• [Work required]
An exact copy of the lines from the one containing "Чирчикстрой. Литография В. КЕДРИНА (Ташкент)." through the last line below is required; include both of those lines and no others.

************

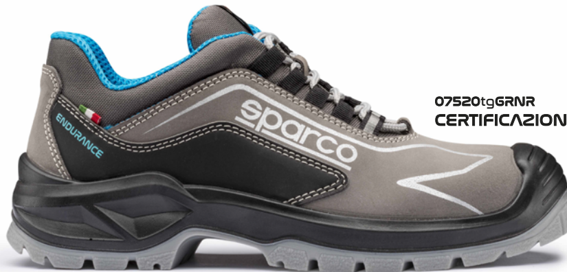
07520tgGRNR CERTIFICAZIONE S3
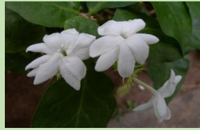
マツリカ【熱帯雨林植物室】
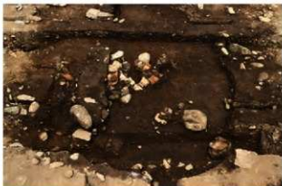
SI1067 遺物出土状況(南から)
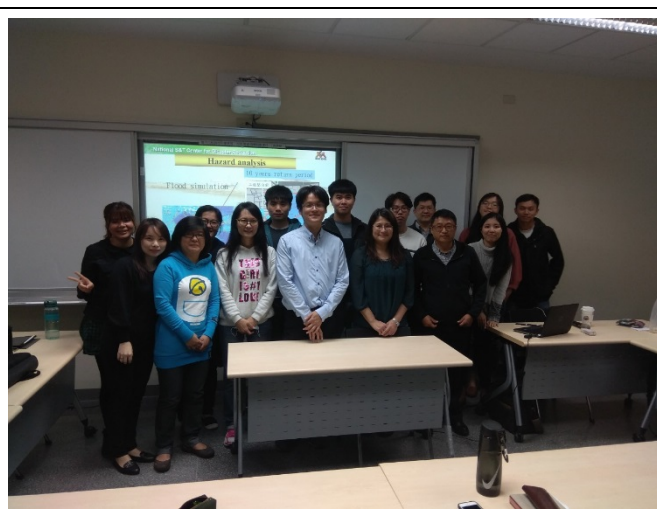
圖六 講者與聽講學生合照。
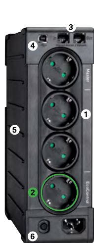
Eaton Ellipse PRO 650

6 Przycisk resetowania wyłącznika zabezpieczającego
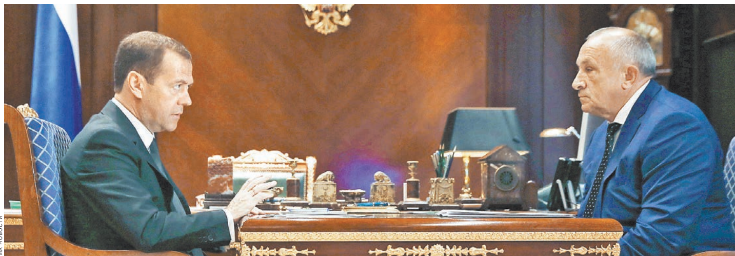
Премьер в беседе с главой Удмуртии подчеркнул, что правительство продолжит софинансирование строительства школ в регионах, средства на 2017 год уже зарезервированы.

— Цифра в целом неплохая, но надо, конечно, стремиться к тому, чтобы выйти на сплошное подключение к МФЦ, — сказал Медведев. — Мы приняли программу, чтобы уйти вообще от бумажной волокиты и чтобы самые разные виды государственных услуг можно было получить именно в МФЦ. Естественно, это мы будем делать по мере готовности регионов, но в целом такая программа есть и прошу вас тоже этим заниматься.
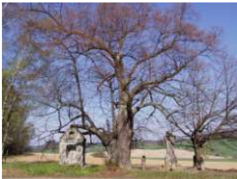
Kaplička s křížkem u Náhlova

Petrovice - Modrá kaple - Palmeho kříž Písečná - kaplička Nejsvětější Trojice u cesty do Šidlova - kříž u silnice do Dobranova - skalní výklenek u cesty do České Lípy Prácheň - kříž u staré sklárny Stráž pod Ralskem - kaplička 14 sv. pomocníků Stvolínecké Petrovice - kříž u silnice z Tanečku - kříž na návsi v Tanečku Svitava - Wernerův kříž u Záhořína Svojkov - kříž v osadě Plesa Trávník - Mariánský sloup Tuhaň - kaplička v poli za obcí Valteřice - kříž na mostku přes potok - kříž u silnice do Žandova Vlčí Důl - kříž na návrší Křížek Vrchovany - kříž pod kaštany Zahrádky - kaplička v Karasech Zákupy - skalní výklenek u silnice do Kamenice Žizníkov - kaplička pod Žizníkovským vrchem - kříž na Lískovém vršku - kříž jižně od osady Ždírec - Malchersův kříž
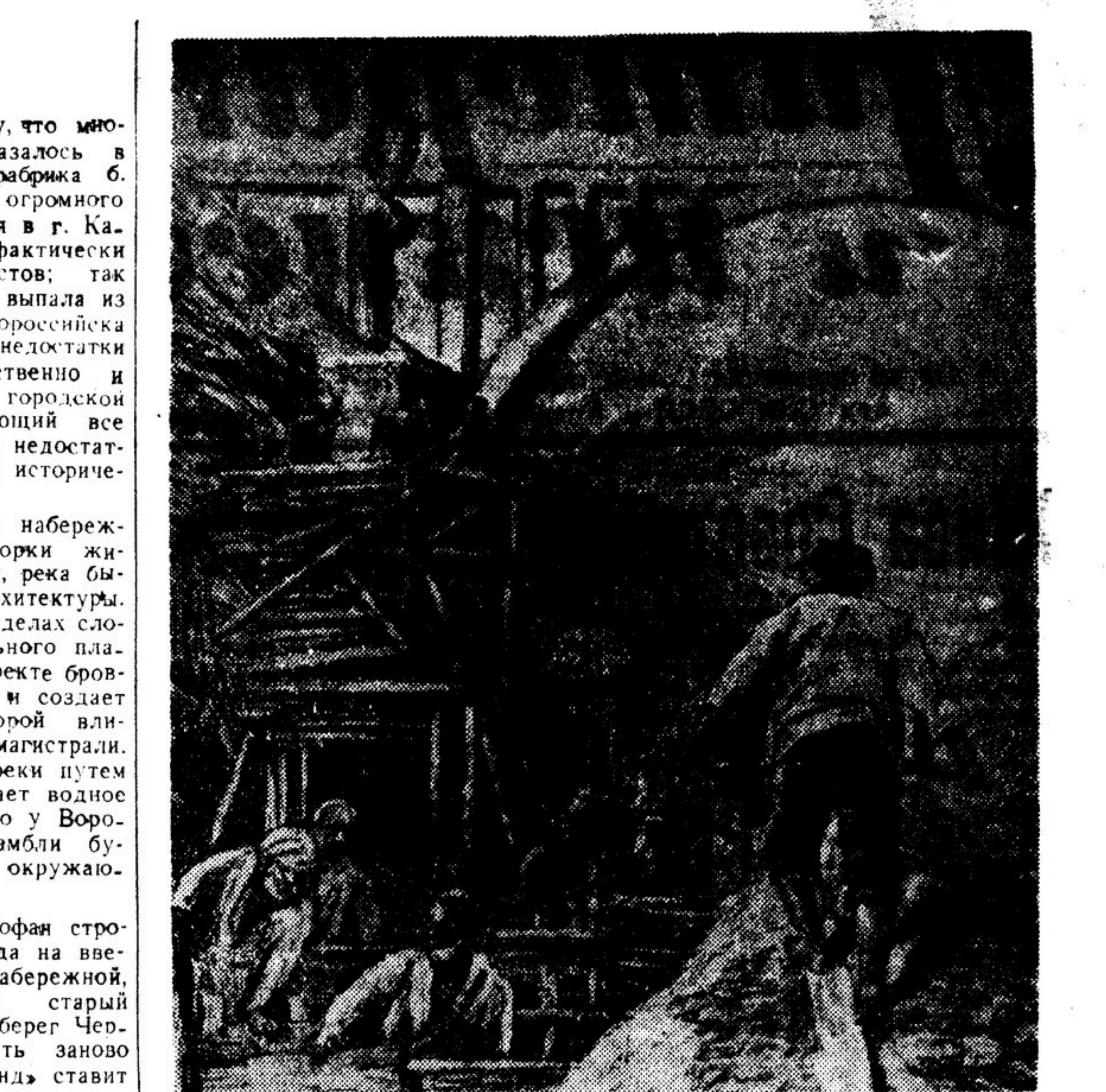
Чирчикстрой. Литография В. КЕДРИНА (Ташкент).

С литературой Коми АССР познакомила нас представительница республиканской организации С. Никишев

************

• [Your response]
Чирчикстрой. Литография В. КЕДРИНА (Ташкент).

С литературой Коми АССР познакомила нас представительница республиканской организации С. Никишев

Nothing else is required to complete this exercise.